The panel said Judge Elizabeth A. White should have determined whether the documents as to which the church claimed the privilege—a letter from the church’s pastor to her supervisor concerning the youth leader’s conduct, plus various documents which the church says were provided “confidentially” to the pastor by others who may have been molested—were penitential communications within the meaning of Evidence Code Sec. 1032 before ruling on whether they were discoverable.
Youth Minister
Mark Calkins, Robert Pugh, and Todd Stocking accuse Gary-Carson Hull of having molested them in the 1970s, when Carson-Hull was a youth minister at a church in Long Beach. The three are suing that church, along with the Walnut Creek United Methodist Church and churches in West Sacramento and Pasadena, claiming that the defendants conspired to cover up the molestations and keep Carson-Hull in the ministry.

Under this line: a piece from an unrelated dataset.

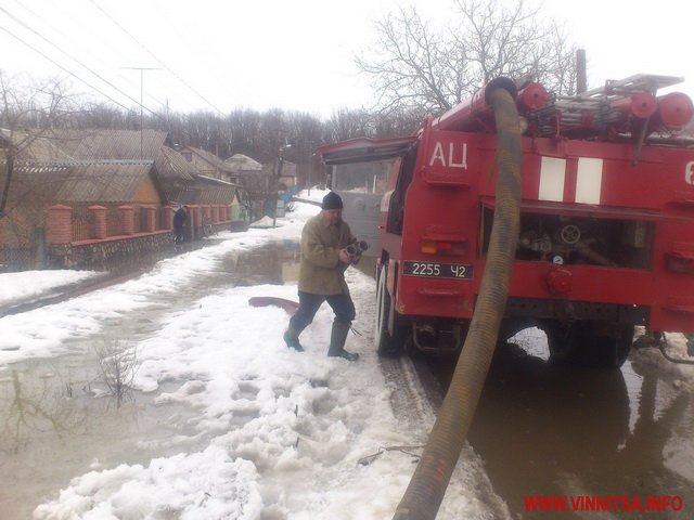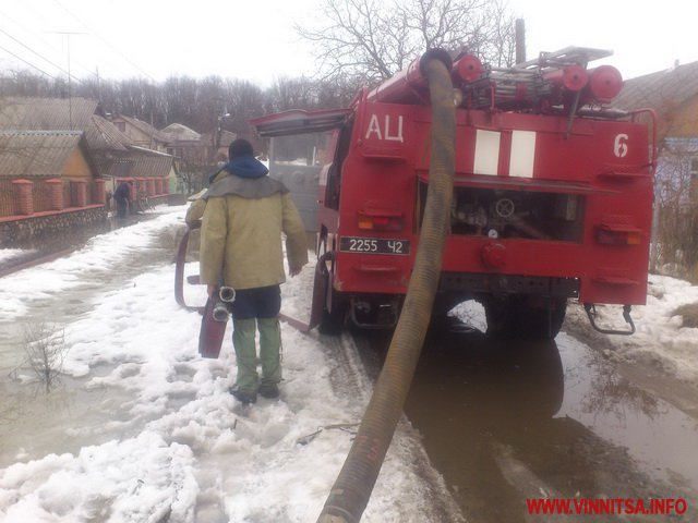 О 10:52 до Служби порятунку «101» надійшло повідомлення від директора КП «Гнівань водопостач» з проханням надання допомогу шляхом залучення спецтехніки для відкачування талої води, яка загрожує підтопленню приватних дворів по вулиці 1-Травня у м. Гнівань. Прибувши на місце виклику, рятувальники провели роботу по відкачуванню 30 куб.м. талої води.

Yesterday’s ruling concerns objections by the Walnut Creek church to interrogatories and requests for production by which the plaintiffs’ attorneys are seeking the identities of persons who reported the molestations to the church or otherwise have information about the “incident.”
The church objected on grounds of vagueness and attorney-client and priest-penitent privilege. During meet-and-confer discussions, the church acknowledged that three persons had claimed to have been molested by Carson-Hull during the time he was at the church but did not disclose their identities, citing privacy concerns.
The plaintiffs’ lawyers suggested that a letter be sent to the individuals, asking them whether they objected to disclosure of their identities. The church rejected the suggestion, saying that “correspondence to persons requesting disclosure of the information they entrusted to Pastor [Renae] Fernandez confidentially would breach the relationship of trust and confidence between Pastor Fernandez and these individuals,” and the plaintiffs moved to compel.
In response, the church asserted the clergy-penitent privilege, the right of privacy, and lack of relevance. The plaintiffs replied, among other things, that the privilege did not apply because there was no indication that the individuals who communicated with the pastor were seeking any type of forgiveness.
In a ruling that Cooper called a “non sequitur,” White held that the privilege did not apply because the requests were unambiguous, and ordered further responses.
Prior Rulings
But Cooper noted that under Sec. 1032 and prior Court of Appeal rulings, a communication is considered penitential if it was intended to be confidential and was made to a clergy member who was authorized or accustomed to hear such communications and was required by church doctrine to keep the communication secret.
There is, Cooper noted, no requirement that the communicant be a church member. But the statute does require that the communication not have been made in the presence of a third party, the presiding justice said, noting the possibility that statements within the scope of discovery may have been made at a retreat held by Fernandez with “persons affected by” Carson-Hull, as Fernandez put it in a declaration.
As for the claim that a statement must be in the nature of a confession to be penitential, the presiding justice wrote:
“Any attempt to introduce a confessional element into section 1032 would be contrary to the clear statutory language and the legislative history, which reflects that the Legislature made a conscious decision to eliminate such a requirement.”
Cooper went on to say that if the priest-penitent privilege claim is rejected, formal notice must be given to the third party communicants so that they may assert privacy claims if they wish.
Attorneys on appeal were Katherine K. Freberg for the plaintiff and Scott S. Blackstone of Callahan, McCune & Willis for the church.
The case is Doe 2 v. Superior Court (Calkins), B179588.